O morar ganhou peso novo. Com o tempo espremido entre tarefas e telas, a casa passou a ser também resistência. Resistência ao excesso, ao ruído, à pressa sem propósito. O conceito de slow living aparece como um estilo de vida que entra pela porta da sala de maneira direta: é concreto, silencioso e funcional.

Esse estilo convida a pensar nos espaços como lugares de pausa real. Cômodos que funcionam com menos. Materiais que respiram e circulações que fluem. O resultado faz parte de um jeito intencional de ocupar o espaço e o tempo. Uma escolha. Um corte na velocidade. Um modo de estar.

O que é slow living?

Slow living é um estilo de vida que propõe desacelerar o ritmo cotidiano, priorizando escolhas conscientes, bem-estar e presença no agora.
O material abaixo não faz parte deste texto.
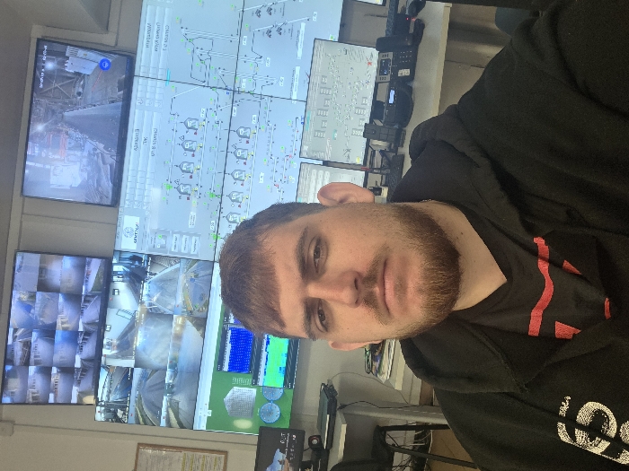 A male individual with short brown hair, a beard, and a mustache is depicted in a medium-shot selfie, positioned centrally in the foreground. He wears a black hooded sweatshirt over a black t-shirt with a red design and maintains a neutral expression, looking directly at the camera. The background reveals an industrial control room, identified as being within Devnya, Bulgaria, due to the nature of the operations depicted. Behind the individual, a large wall-mounted display system features multiple monitors. The top-left monitor displays a 16-panel grid of outdoor closed-circuit television (CCTV) feeds, showing various angles of industrial loading or storage areas. Below it, a middle-left monitor presents a 9-panel grid of similar outdoor industrial camera views. The bottom-left portion of the display, partially obscured, shows a graphical interface with green and blue data representations, likely indicating real-time process monitoring. The top-right monitor displays a single, wider CCTV feed of an indoor industrial environment, with a timestamp "02-05-2023 00:00:00" visible. A prominent, large multi-panel display across the center and right of the background presents a detailed schematic diagram of an industrial process, including multiple interconnected cylindrical structures (likely silos or tanks), flow lines, and control points, indicative of a Supervisory Control and Data Acquisition (SCADA) system for a large-scale manufacturing or processing plant. Desk surfaces with various electronic devices, including a black IP phone and a standard landline phone, are partially visible on either side of the individual. The environment is consistent with a 24/7 operational control center for heavy industry.

Em vez de correr para dar conta de tudo, o foco está em fazer menos, mas com mais intenção. Isso se aplica tanto nas rotinas quanto nos ambientes: espaços funcionais, silenciosos, com luz natural, materiais orgânicos e um uso mais sensato do tempo e dos objetos.
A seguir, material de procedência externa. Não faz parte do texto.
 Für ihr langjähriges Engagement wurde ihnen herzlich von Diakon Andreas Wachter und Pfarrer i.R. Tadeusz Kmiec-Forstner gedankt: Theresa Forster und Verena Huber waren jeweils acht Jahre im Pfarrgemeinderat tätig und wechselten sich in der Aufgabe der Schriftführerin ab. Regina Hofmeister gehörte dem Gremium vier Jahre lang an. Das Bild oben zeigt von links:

Qual a origem do conceito dentro da arquitetura e design de interiores?

O slow living nasceu como desdobramento do movimento Slow Food, surgido na Itália nos anos 1980 como reação à cultura do fast food e da produtividade desenfreada. Com o tempo, essa filosofia atravessou fronteiras e passou a influenciar também a arquitetura e o design de interiores.
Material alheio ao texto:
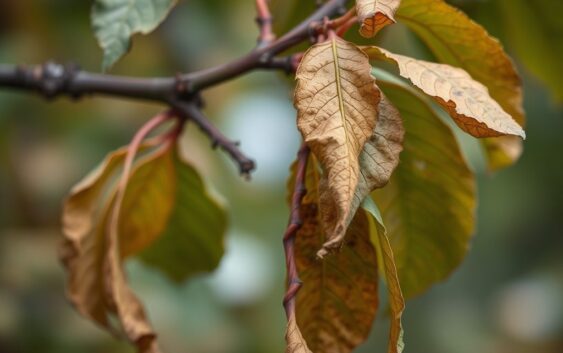 Leukostomoza to choroba, która dotyka roślin, a jej objawy mogą być dość charakterystyczne. Jednym z głównych symptomów jest więdnięcie liści, które traci swoją jędrność i zdrowy wygląd. W miarę postępu choroby liście mogą również zmieniać kolor, a ich opadanie staje się coraz bardziej zauważalne.

Nos projetos residenciais, o conceito se manifesta na valorização do tempo, da luz natural, do vazio e da escolha de materiais duráveis e sensoriais. A estética deixa de seguir tendências e passa a servir à experiência de viver bem com mais silêncio, respiro e significado.

Quais elementos e materiais são usados na decoração slow living?

O slow living na decoração começa pelo que se toca e pelo que se sente. Materiais, texturas e cores são escolhidos para criar um ambiente que respira junto com quem vive nele.

1. Naturais e sustentáveis

Madeira, pedra, cerâmica, barro e fibras como algodão, linho, lã e juta são protagonistas. Eles aquecem o espaço, trazem conforto e autenticidade, além de criar um vínculo direto com a natureza. São materiais que envelhecem bem e carregam a beleza do tempo.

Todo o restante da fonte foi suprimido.